A number of offshore wind projects won contracts to sell power at guaranteed prices in a UK auction Friday. The price of 39.65 pounds per megawatt-hour (around R740) was 31% below the level in a similar auction two years ago.
The plunge highlights how offshore wind, which only a few years ago was a niche technology more expensive than nuclear reactors, is changing the economics of energy around the world. Both utilities and, increasingly, energy majors, are planning to spend $448 billion through 2030 on an eightfold capacity increase, according to BloombergNEF.
Projects from developers including SSE Plc, Equinor ASA and Innogy SE won offshore wind power-purchase contracts that will have the capacity to generate as much as 5.5 gigawatts of power, the government said. That includes a joint SSE-Equinor project off England's east coast to build the biggest single offshore wind park in the world.
"The auction results today show offshore wind is in line with current power prices - it is already competitive with existing fossil fuel plants, let alone new fossil fuels," said Deepa Venkateswaran, an analyst at Sanford C. Bernstein & Co. in London. "In the next auction in 2021 we will see costs go well below that of existing fossil fuel plants."

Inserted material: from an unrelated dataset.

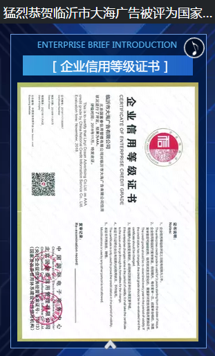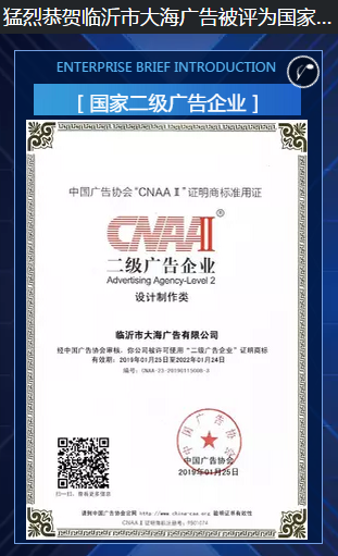 恭賀臨沂大海廣告被評為國家二級廣告企業(yè)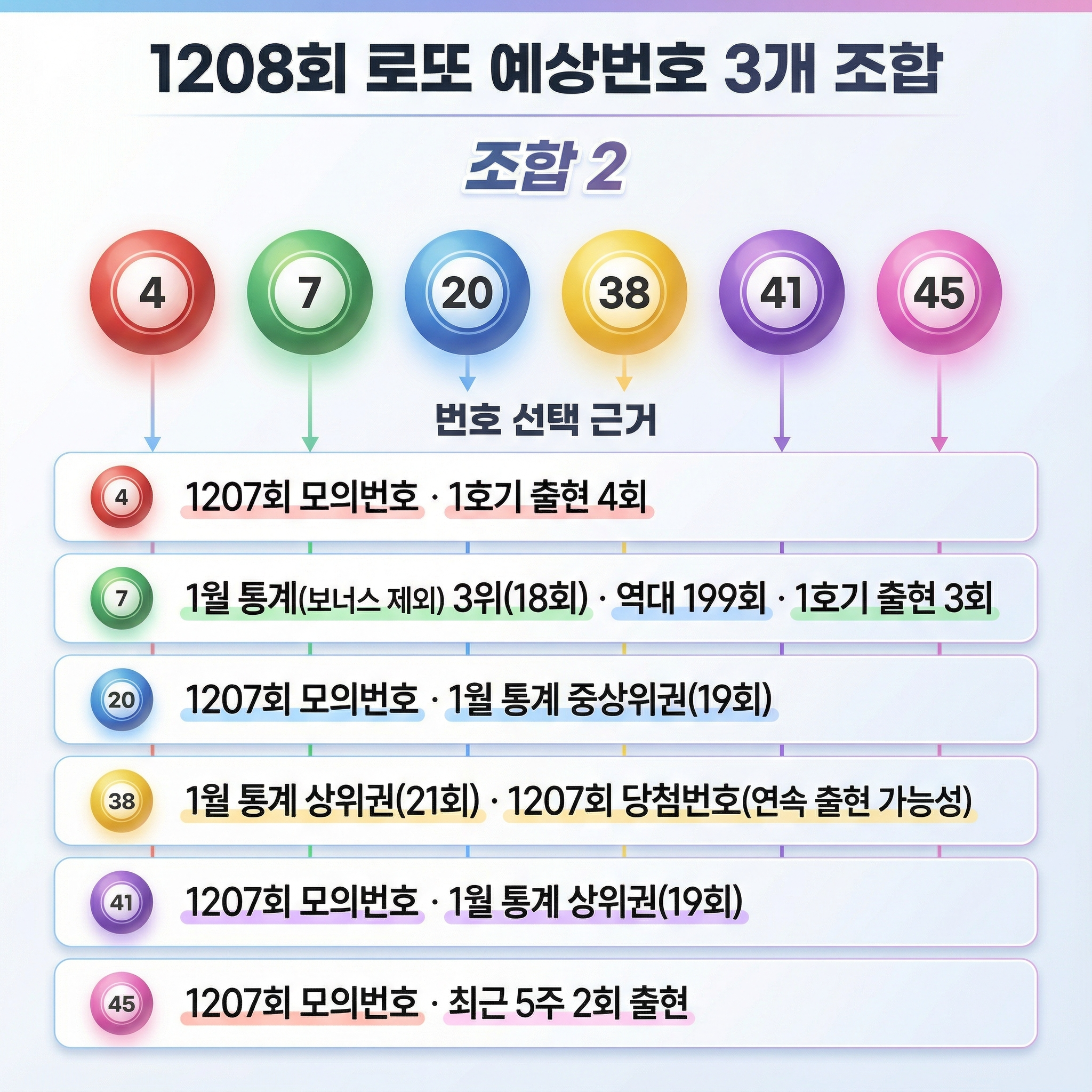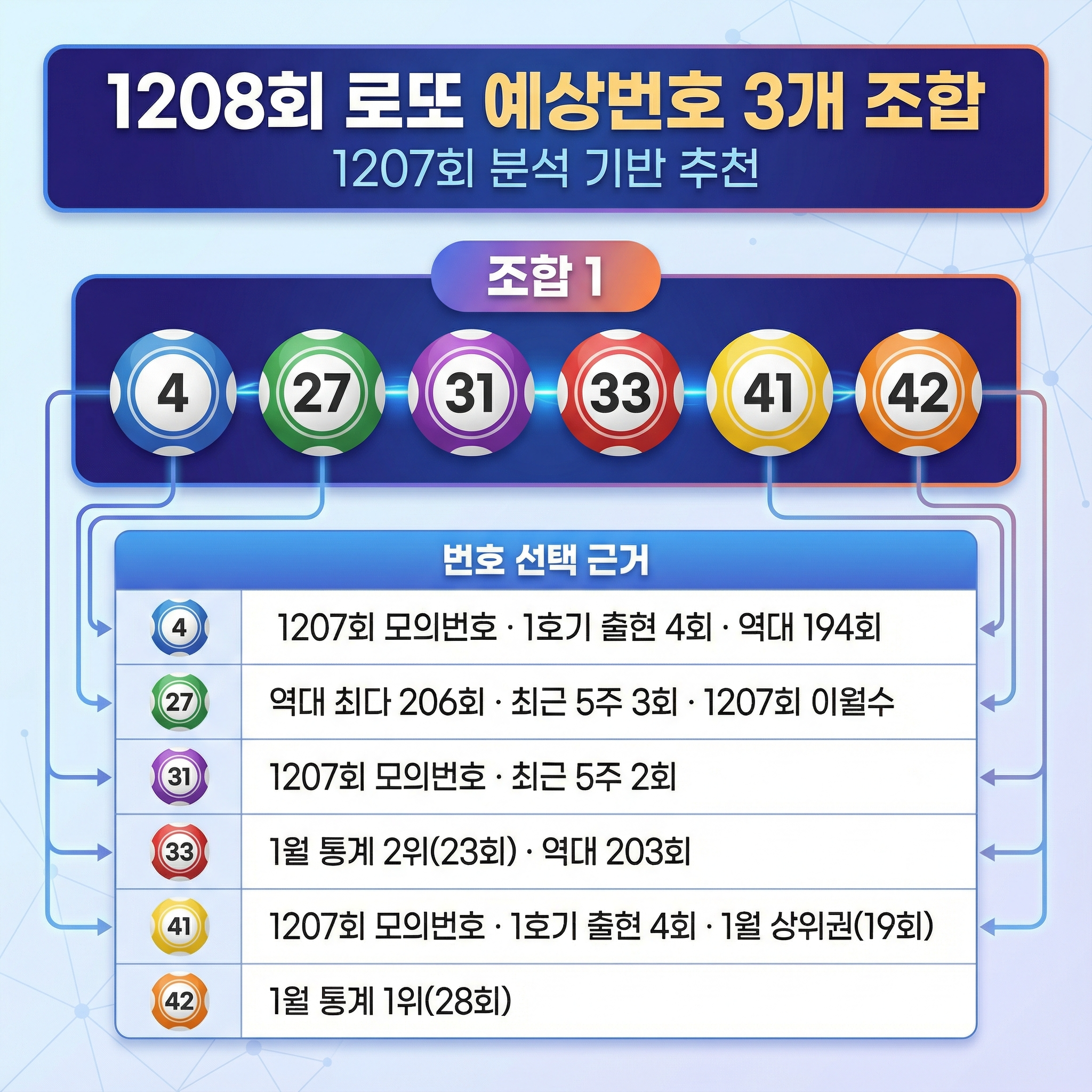 위 분석을 바탕으로 1208회 로또 예상번호 3개 조합을 제시합니다.

Equinor's success at the auction is a key step in its transition to becoming a broader energy company than just an oil and gas major. The state-controlled Norwegian company has a target of investing as much as 20% of its capital in new energy solutions by 2030.
Even as wind power moves away from a reliance on government subsidies, the contracts could still play an important role going forward. The guarantee helps developers secure financing and also make the assets more attractive to institutional investors who want reliable returns. The next UK auction round is set to take place in 2021.
The contracts also open up a track for investors to take stakes in some of these projects. Earlier this year, Iberdrola sold a stake in its 714-megawatt East Anglia One project to Macquarie Group Ltd. for 1.63 billion pounds (R30bn). Projects that have the backing of government-supported purchase agreements are often more attractive to investors who favor the guaranteed prices.